Е. П.: Владимир Анатольевич Арефьев — великий художник, решения, которые он предлагает, очень многогранны и многозначны, они позволяют зрителю много фантазии применить. Лично мне очень нравится, как говорит Несчастливцев: «Посмеяться над тёплыми слезами артиста», — а сколько артистов плакало здесь, на сцене Маяковки? Наша вода — это тёплые слёзы артистов, они не имеют прямого отношения к «Лесу», но мне дают очень много для понимания темы.
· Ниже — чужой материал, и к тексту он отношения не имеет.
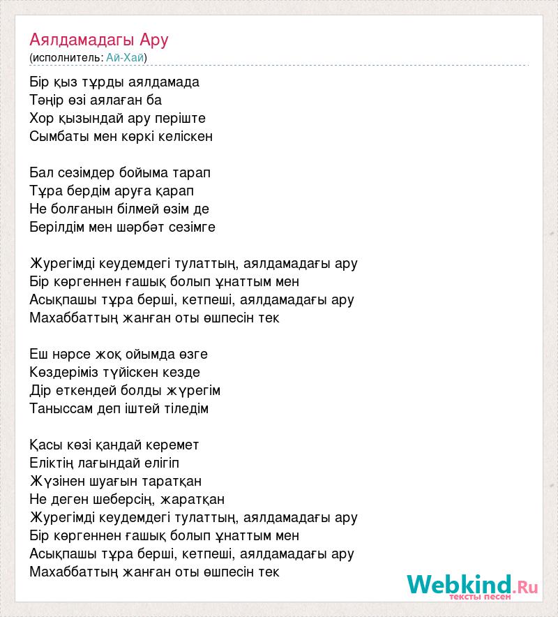 Бір қыз тұрды аялдамада Тәңір өзі аялаған ба Хор қызындай ару періште Сымбаты мен көркі келіскен Бал сезімдер бойыма тарап Тұра бердім аруға қарап Не болғанын білмей өзім де Берілдім мен шәрбәт сезімге Журегімді кеудемдегі тулаттың, аялдамадағы ару Бір көргеннен ғашық болып ұнаттым мен Асықпашы тұра берші, кетпеші, аялдамадағы ару Махаббаттың жанған оты өшпесін тек Еш нәрсе жоқ ойымда өзге Көздеріміз түйіскен кезде Дір еткендей болды жүрегім Таныссам деп іштей тіледім Қасы көзі қандай керемет Еліктің лағындай елігіп Жүзінен шуағын таратқан Не деген шеберсің, жаратқан Журегімді кеудемдегі тулаттың, аялдамадағы ару Бір көргеннен ғашық болып ұнаттым мен Асықпашы тұра берші, кетпеші, аялдамадағы ару Махаббаттың жанған оты өшпесін тек
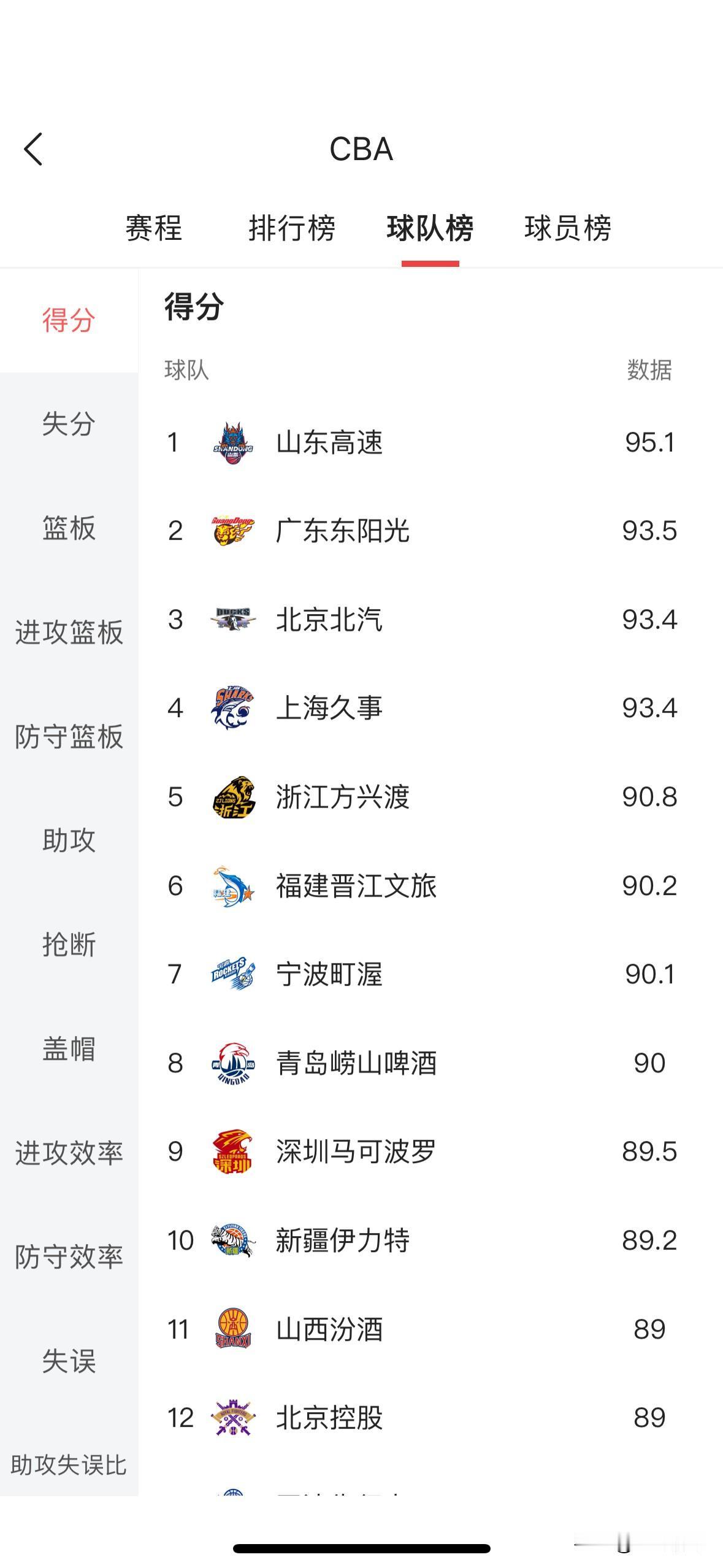 山东高速荣登榜首!CBA截止第十二轮最新的球队场均得分榜数据来了,山东高速男篮场均95.1分荣登榜首,广东宏远93.5分屈居第二,第三则是北京首钢93.4分,接下来依次为:上海久事、浙江广厦、福建晋江、宁波町渥、青岛崂山!
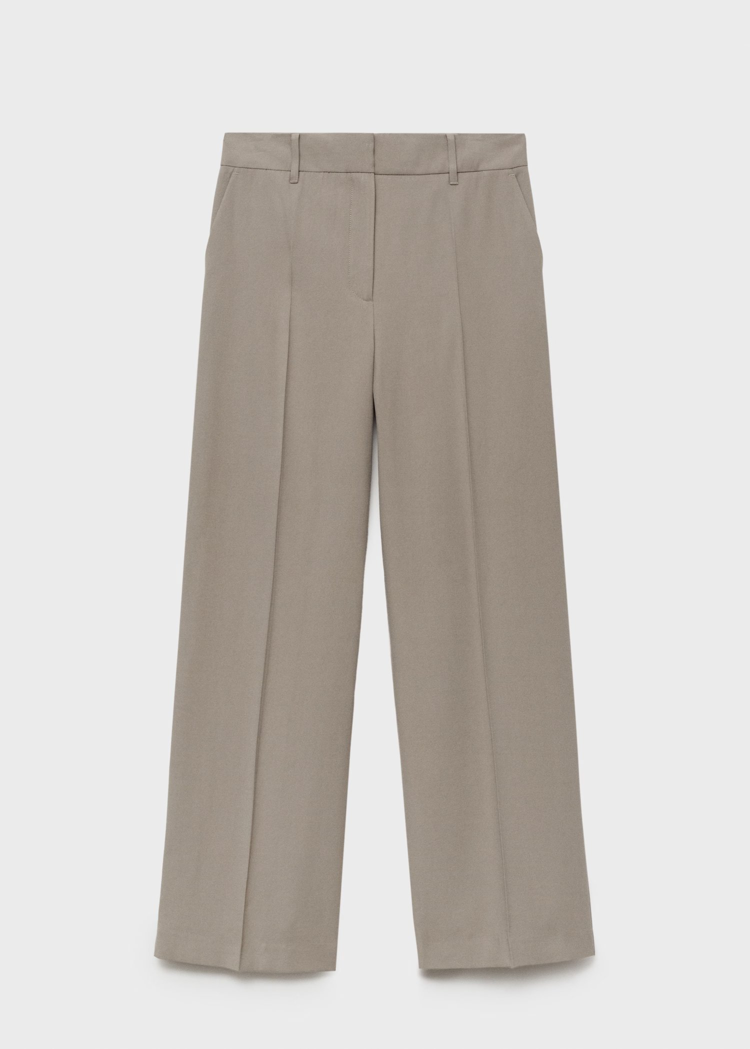 Tissu fluide. Design long. Coupe large. Taille mi-haute. Deux poches latérales. Passants de ceinture. Fermeture Éclair avec agrafe et bouton dissimulés. Pinces.

Сюжетно это действительно лес, который сплавляют. И действительно это для меня затон, стоялая вода. Вода должна двигаться, а получается, что там нет движения. Лес для меня — дремучая штука, которая наступает. Это как у Маркеса: вырубаешь тропинку, а она тут же за тобой зарастает. Вот такое ощущение. Но это было почти полтора года назад, когда мы начинали придумывать спектакль. А потом, по ходу, я понял, что лес — это не ощущение агрессии внешнего мира, нет. Внешний мир стал привычен, агрессия перестала будоражить, она стала рутиной. Ничего не меняется. И люди, которые пытаются ей противостоять, выглядят смешными. Кто на тебя нападает? Всё нормально, всё хорошо. Главное, не баламуть воду, не гони волну. И идея спектакля трансформировалась. А так мне очень нравится, что вода — это тёплые слёзы артистов. Хотя вода холодная, а слёзы когда-то были тёплыми.
М. М.: Продолжая тему неожиданных решений: я сейчас лучше понял Несчастливцева благодаря тому, о чём мы говорили ранее, — о том, что актёр выбирается из театра и, по сути, реальность его губит, он не может найти своё место. Но у меня вопрос: почему вы решаете убить Несчастливцева?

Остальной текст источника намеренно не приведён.